▶ [HOW TO COMPLETE THIS TASK]: Repeat the data below exactly, dropping any pictures it holds.

── GIVEN DATA ──

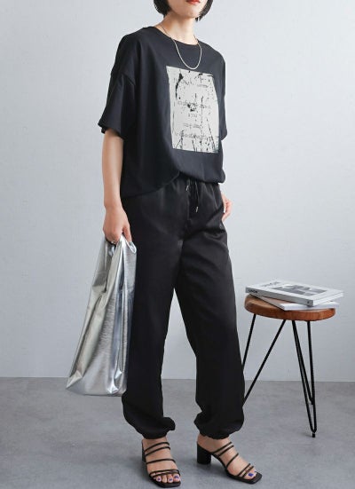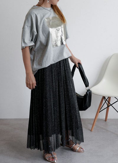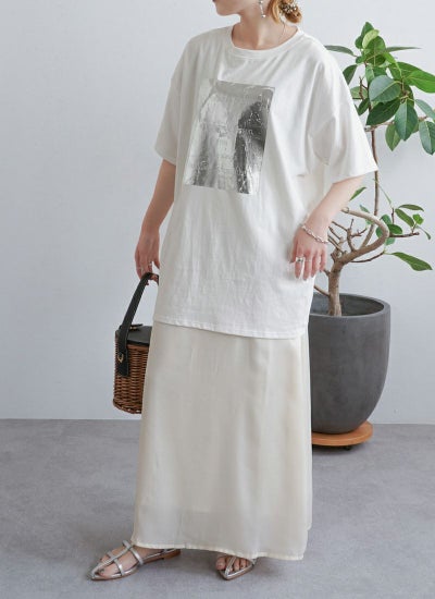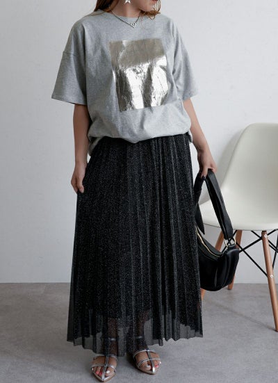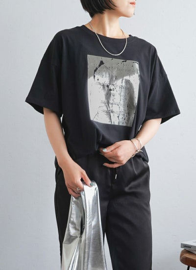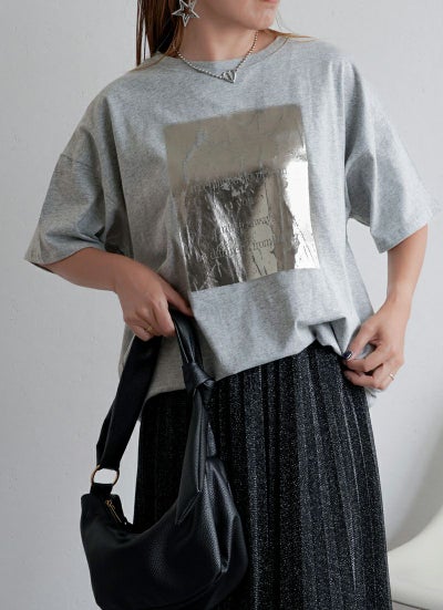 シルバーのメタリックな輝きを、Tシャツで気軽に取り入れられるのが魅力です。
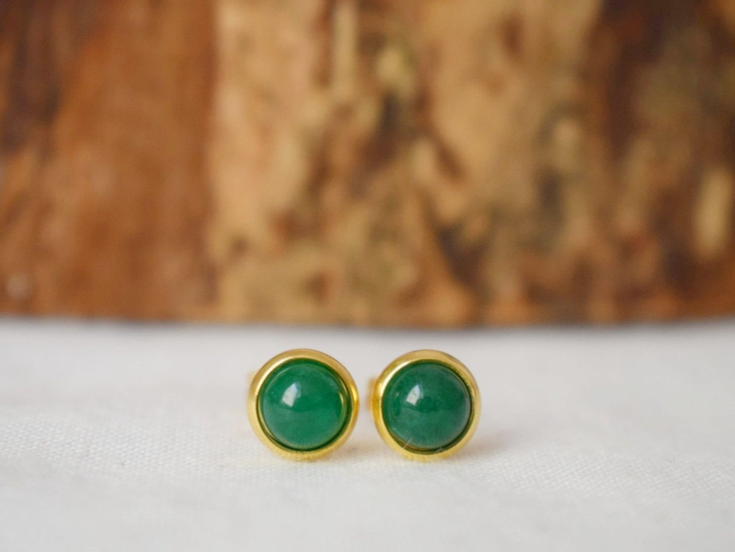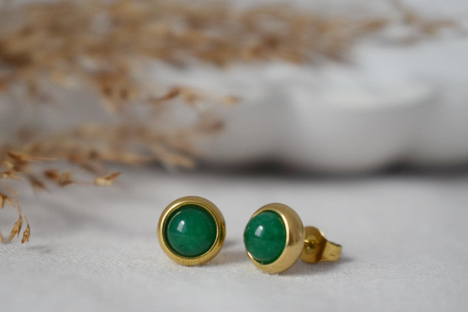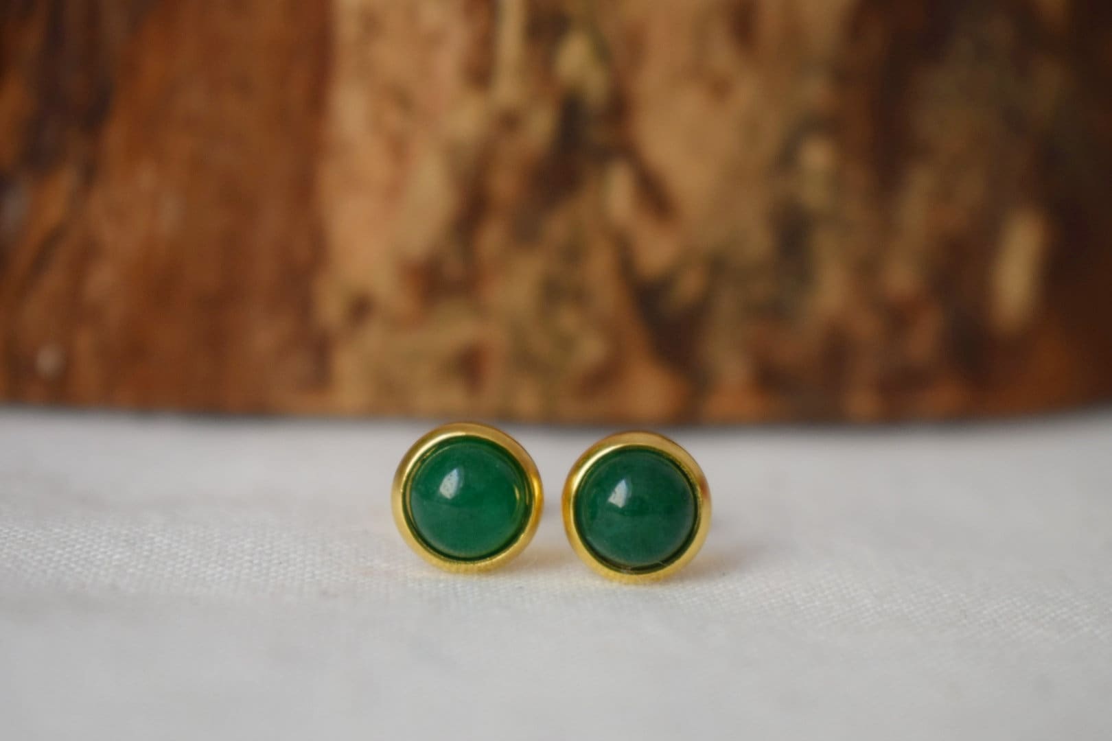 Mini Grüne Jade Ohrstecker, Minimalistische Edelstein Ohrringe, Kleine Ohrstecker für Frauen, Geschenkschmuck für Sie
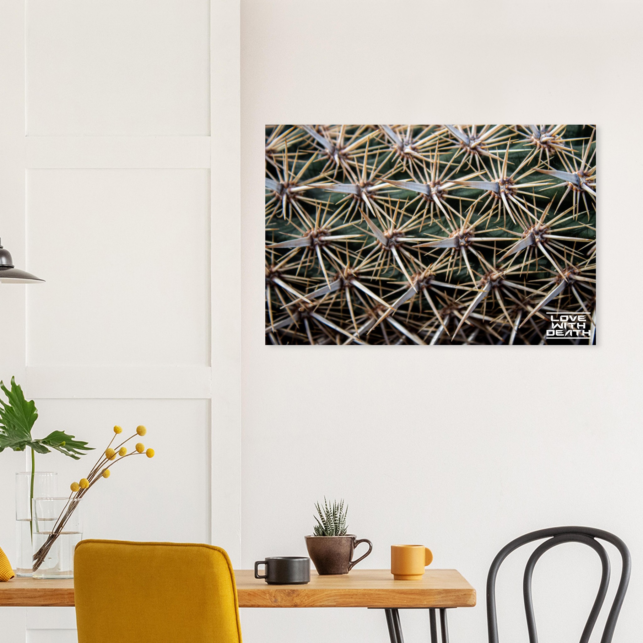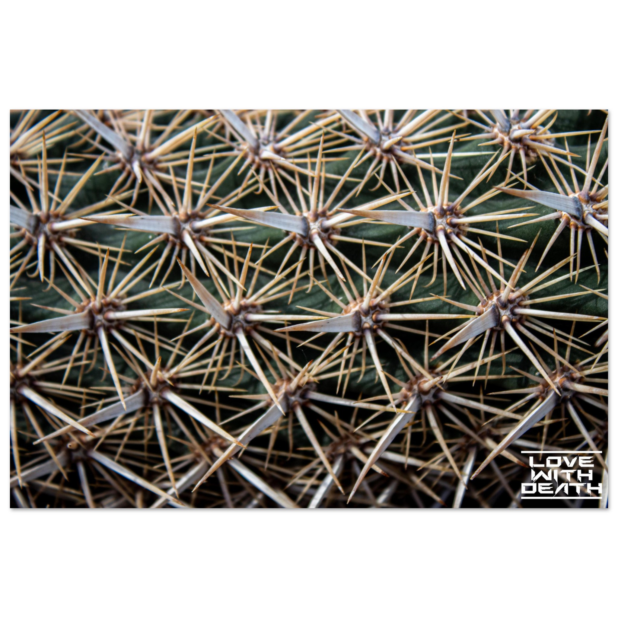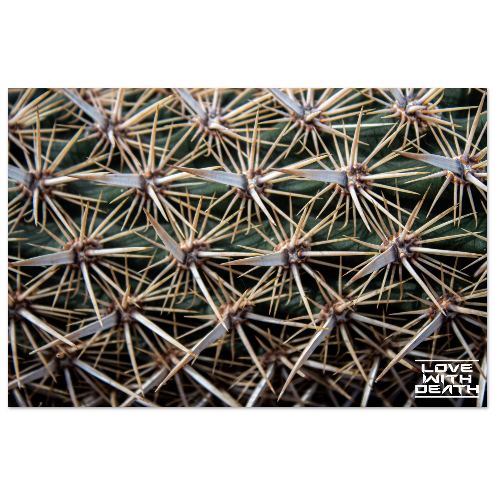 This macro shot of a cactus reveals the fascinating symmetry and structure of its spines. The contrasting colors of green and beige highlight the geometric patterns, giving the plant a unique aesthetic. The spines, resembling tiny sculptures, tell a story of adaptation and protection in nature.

───

▶ [FINISHED TASK]:
 シルバーのメタリックな輝きを、Tシャツで気軽に取り入れられるのが魅力です。
 Mini Grüne Jade Ohrstecker, Minimalistische Edelstein Ohrringe, Kleine Ohrstecker für Frauen, Geschenkschmuck für Sie
 This macro shot of a cactus reveals the fascinating symmetry and structure of its spines. The contrasting colors of green and beige highlight the geometric patterns, giving the plant a unique aesthetic. The spines, resembling tiny sculptures, tell a story of adaptation and protection in nature.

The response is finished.